En medio de la crisis económica por el nuevo coronavirus y del bache pronunciado de las ventas de automóviles nuevos, la venta de pickups y, en general, la de vehículos ensamblados en México, han sido los rubros que han resistido más el vendaval.

De enero a junio las ventas de vehículos ligeros cayeron 31.9% a 436,445 unidades, afectadas por el cierre de las agencias para evitar la propagación del Covid-19. A su interior, algunas categorías tuvieron un mejor comportamiento, con reducción de ventas inferiores a las de la industria en su conjunto.

Las ventas de las pickups bajaron 20% a 73,000 unidades, mientras que las de vehículos compactos lo hicieron 28% a 94,100 coches. Finalmente, la categoría de vehículos deportivos tuvo un descenso de 28% a 2,600 unidades.

En contraparte, las categorías de producto que tuvieron caídas superiores a las de la industria fueron las de vehículos subcompactos (-37%), SUV (-33%), vehículos de lujo (-38%) y minivans (40 por ciento).
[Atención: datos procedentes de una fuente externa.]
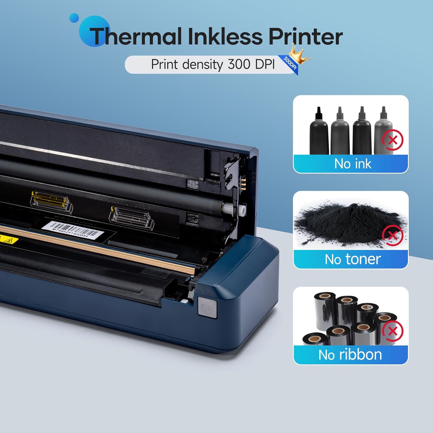 iDPRT Portable-Printer Wireless for Travel, 300DPI Inkless Thermal Small Printers for Home Use, Office, Vehicles, Mobile Bluetooth Printer Supports 8.5" x 11" US Letter, for Smartphone & PC,Blue
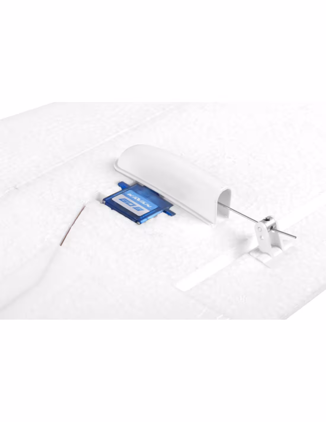 - Le fuselage en mousse EPO est livré avec le moteur brushless C2814-1400 dans le pylône, l'hélice repliable 7x6", le KAVAN R-20B ESC et les servos de profondeur et de gouvernail GO-09 installés. L'auvent amovible est sécurisé par un verrou magnétique. La prise d'air de refroidissement à l'avant du pylône maintient le moteur bien au frais. L'aile EPO en deux parties est fournie avec deux servos d'ailerons GO-09 et leur tringlerie installée. Les moitiés d'aile sont reliées par un raccord de tube de carbone et fixées par des vis sur le côté inférieur de l'aile. L'empennage est également en mousse EPO ; la profondeur et le gouvernail sont contrôlés par une paire de poussoirs en fil de fer.

Ante la cuarentena, de abril a junio las ventas de las agencias se han realizado casi exclusivamente a través de medios remotos y de acuerdo con la AMDA, las ventas de vehículos de trabajo –en donde se inscriben diversos modelos de pickups– y flotillas contribuyeron a amortiguar la caída en ventas.

Por otro lado, al considerar el origen de los vehículos, las ventas de producto nacional cayeron 23.6% a 165,100 unidades, mientras que la de autos importados descendió 36.1% a 271,400 coches. Gracias a lo anterior, los automóviles ensamblados localmente crecieron su participación de mercado de 33.7% a 37.8%, terreno que perdieron las importaciones, cuya cuota bajó de 66.3% a 62.2 por ciento.